Biomolecules

Question 1

Why is ATP a good source of energy?

Answer 1

It contains high-energy bonds that, when hydrolysed, release energy that can be used to drive unfavourable reactions

Question 2

What is the proton concentration in the mitochondria?

Answer 2

Outside the mitochondria, there is a high proton concentration

Inside the mitochondria, there is a low proton concentration

Question 3

What drives the synthesis of ATP?

Answer 3

The ‘proton motive force’ - this is the passage of protons through the mitochondria

Question 4

How many molecules of ATP does anaerobic respiration synthesise?

Answer 4

2 molecules

Question 5

How many molecules of ATP does aerobic respiration synthesise?

Answer 5

32 molecules

Question 6

What is myoglobin?

Answer 6

An oxygen storage protein found in the tissues (especially in the muscles)

Question 7

What is hemoglobin?

Answer 7

An abundant protein present in red blood cells whose function is to transfer oxygen from the lungs to the tissues

It plays a role in the transport of protons and carbon dioxide from the tissues to the lungs

Question 8

How do you work out the saturation of myoglobin?

Answer 8

The concentration of oxymyoglobin divided by the total concentration of myoglobin

Question 9

How does the fractional saturation of myoglobin change when the partial pressure of oxygen increases?

Answer 9

The fractional saturation of myoglobin increases rapidly towards 1. When the value nearly reaches one, it plateaus as saturation is reached.

Question 10

What happens if myoglobin binds too tightly to oxygen?

Answer 10

It won’t be able to release the oxygen when needed

Question 11

What happens if myoglobin binds too weakly to oxygen?

Answer 11

It won’t be able to pick up the oxygen when needed

Question 12

What part of myoglobin provides the shape and the structure?

Answer 12

The protein provides the shape and structure

Question 13

What part of myoglobin provides the oxygen binding site?

Answer 13

Heme is the oxygen-binding site

Question 14

What structural effect gives myoglobin its stability?

Answer 14

The heme and the interior of the protein is hydrophobic, outside the protein is hydrophilic

The exception is two Histidine groups which are in the centre near the heme group

Question 15

Why must the iron centre be 2+ and not 3+?

Answer 15

If it was Fe 3+, binding oxygen is not reversible

Question 16

What is ‘protein dynamics’ in relation to myoglobin?

Answer 16

The protein has to change shape to allow oxygen in, and to allow oxygen out

Question 17

Why do we have myoglobin against free ferrous heme?

Answer 17

Free ferrous heme cannot bind to oxygen reversibly

The polypeptide chain prevents dimerisation to the oxygen bridge intermediate

Free ferrous heme would bind to CO preferentially (this is the same in myoglobin but to a much lower extent due to hydrogen bonding between histidine and oxygen)

Question 18

How does hemoglobin bind to oxygen?

Answer 18

It binds to oxygen cooperatively

Question 19

How does oxygen saturation change in hemoglobin at the lungs compared to the tissues?

Answer 19

Oxygen is saturated in the lungs, and releases half of the oxygen when it reaches the tissue

Question 20

What is the structure of hemoglobin?

Answer 20

Has four units (two alpha and two beta)

Each subunit has a porphyrin bound to it (four oxygen binding sites)

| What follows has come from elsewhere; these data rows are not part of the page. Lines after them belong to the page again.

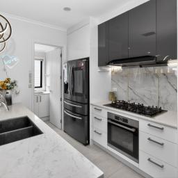 The second level forms the heart of the home, showcasing a sun-filled open-plan living and dining area, complemented by a sleek modern, designer kitchen and an additional second kitchen/butler's pantry, providing flexibility for multi-generational living and hosting friends and family.
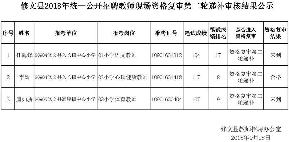 修文县2018年统一公开招聘教师现场资格复审第二轮递补审核结果公示
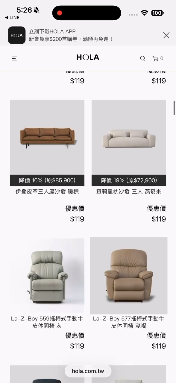 多名網友在Threads發文指出,HOLA疑似標錯價,Lazyboy等進口沙發官網顯示只要119,不少網友有下單。隨後官網暫時關閉,進行系統優化調整,目前全部價格已經恢復原本的售價。
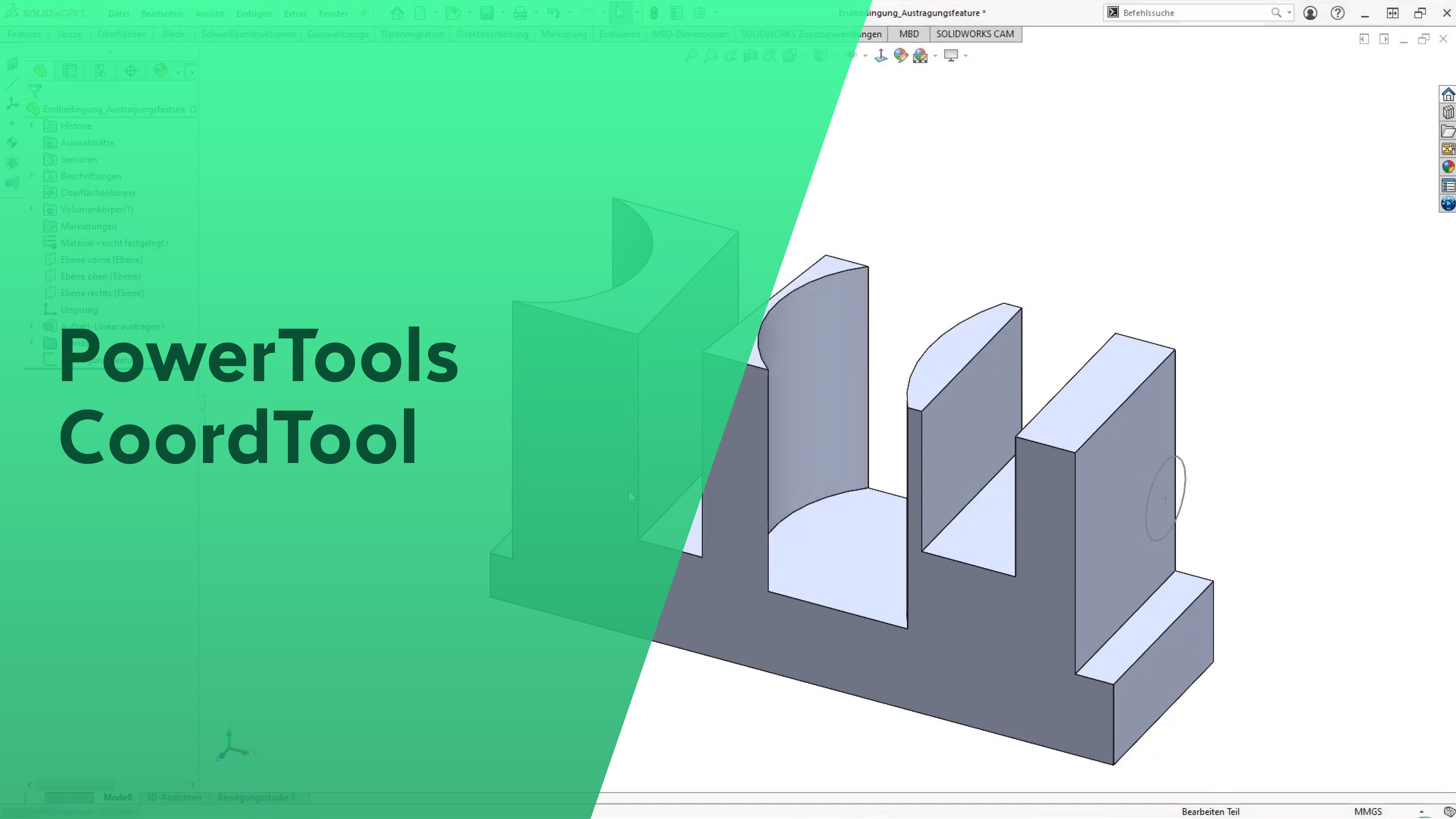 PowerTools CoordTool vereinfacht und beschleunigt das Ermitteln von Koordinaten ausgewählter Modellelemente in Einzelteil-, Baugruppen- und Zeichnungsdokumenten. Nach dem Auswählen der gewünschten Skizzen, Kanten oder Punkte liest Powertools CoordTool ihre Koordinaten automatisch aus und listet die Ergebnisse übersichtlich in Tabellenform auf.
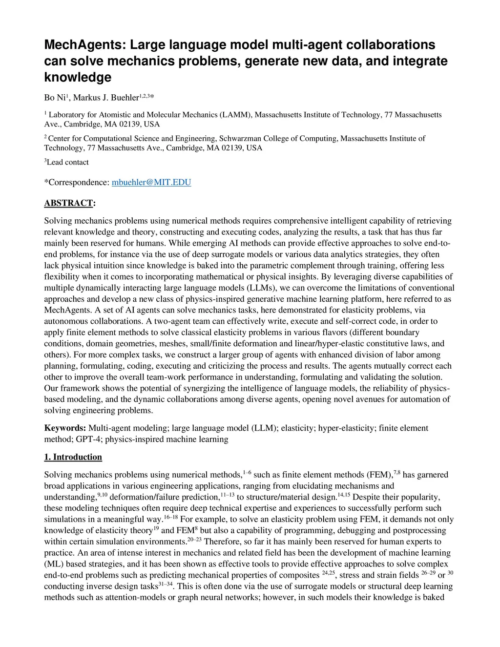 MechAgents: Large language model multi-agent collaborations can solve
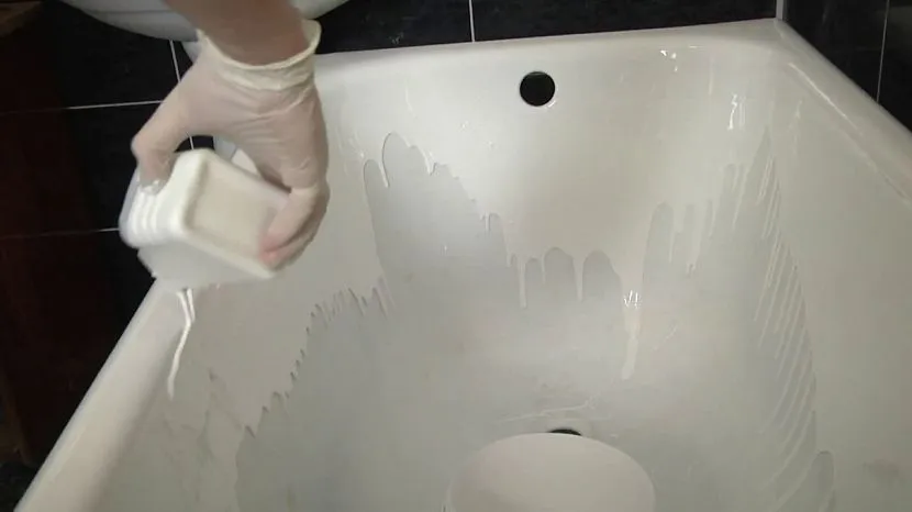 - Нанесение материала. Смесью начинают покрывать поверхность с краев, равномерно поливая стенки ванны. Как только акрил попадет в среднюю часть сантехники, процесс повторяют с последующим слоем.
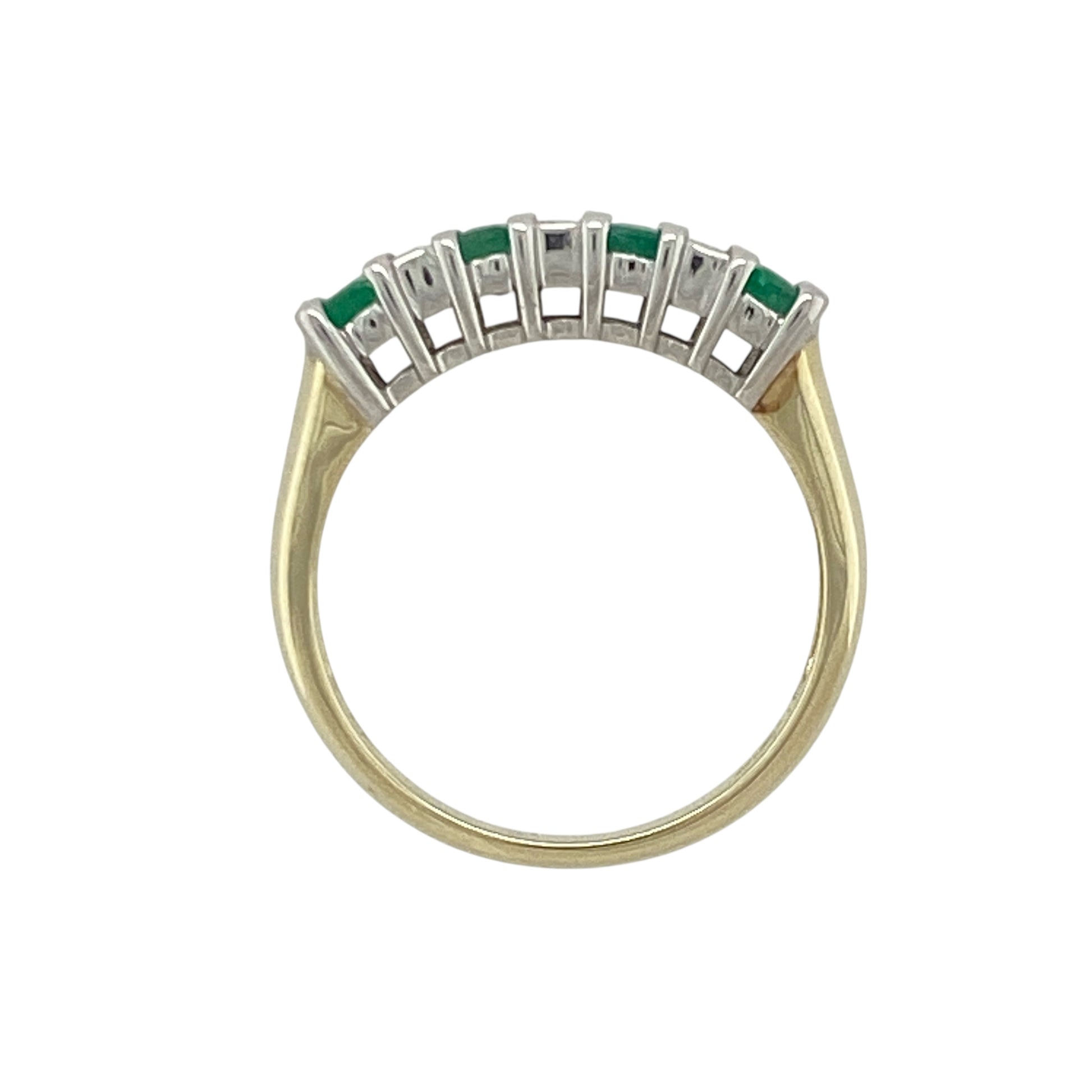 Add rich colour and classic elegance to your collection with this pre-owned 9ct yellow gold diamond and emerald set band ring — a timeless piece that beautifully combines vibrant gemstones with refined sparkle.
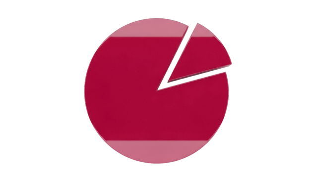 Shiny crimson pie chart with a missing slice isolated PNG, data visualization element on transparent background for business reports
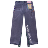 The Painter's Hand-Beaded Double-Wide Trouser is a standout piece that embodies the brand's dedication to sustainability and individuality. Each piece is crafted from authentic vintage denim, giving each piece a one-of-one feel. With hand beaded designs, *Better With Age branding, and a custom logo. This denim offers a perfect blend of elevated style and unique craftsmanship. This garment design varies and may display stains, blemishes, wear, or general signs of age, adding to its unique charm. BUYER WILL RECEIVE A ONE-OF-ONE VINTAGE DENIM IN A RANDOMLY SELECTED COLOR. PRODUCT IMAGES SHOWN ARE EXAMPLES AND MAY NOT REFLECT THE EXACT ITEM RECEIVED. ALL SALES ARE FINAL. - Fabric type varies - One-of-one design - Hand beaded design - Hand beaded brand tagline - Custom log - Button up or zip fly - May show signs of wear, blemishes, or age - Style No: BWADPPAIN
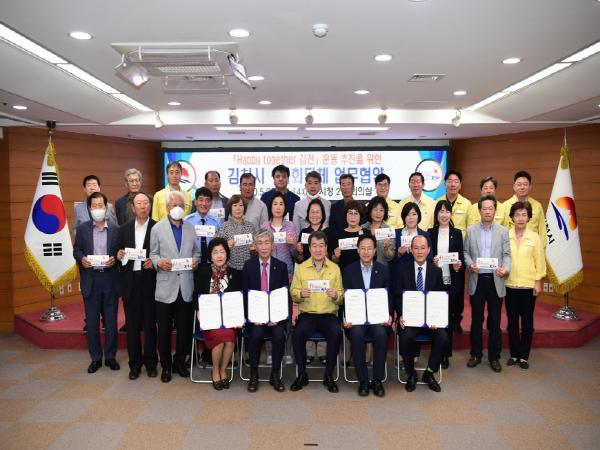 김천시와 4개 사회단체는 친절, 질서, 청결 등의 기초질서를 함양하여 상대방을 배려하는 친절 도시 기반을 조성하기 위해「Happy Together 김천」운동의 구체적 실천 동참을 약속하며, 협약서에 서명하고 상호 교환하였다.
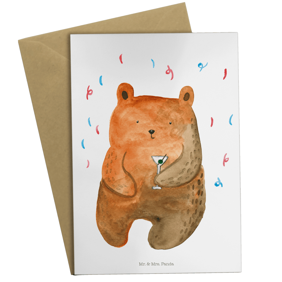 Grußkarte Bär Party - ohne Spruch - Weiß

Strong due to the Hydrogen bonds, van der Waals interactions, hydrophobic interactions and salt bridges

Question 21

What does oxygen binding ‘cooperatively’ mean?

Answer 21

Oxygen binding at the first site changes the oxygen affinity of the other sites

Question 22

Does the R state or the T state of hemoglobin bind to oxygen more strongly?

Answer 22

R state binds oxygen with a higher affinity

Question 23

What changes happen when oxygen binds to hemoglobin?

Answer 23

Iron changes from 5-coordinate to a 6-coordinate species

Iron changes from high spin to low spin

Strain is put on the intersubunit interactions and this promotes the transition to the R state

Question 24

What is the Bohr effect?

Answer 24

Acidity promotes the release of oxygen release by Hb

When Hb releases four lots of oxygen, it picks two protons up (this keeps the pH of the tissues and the lungs constant)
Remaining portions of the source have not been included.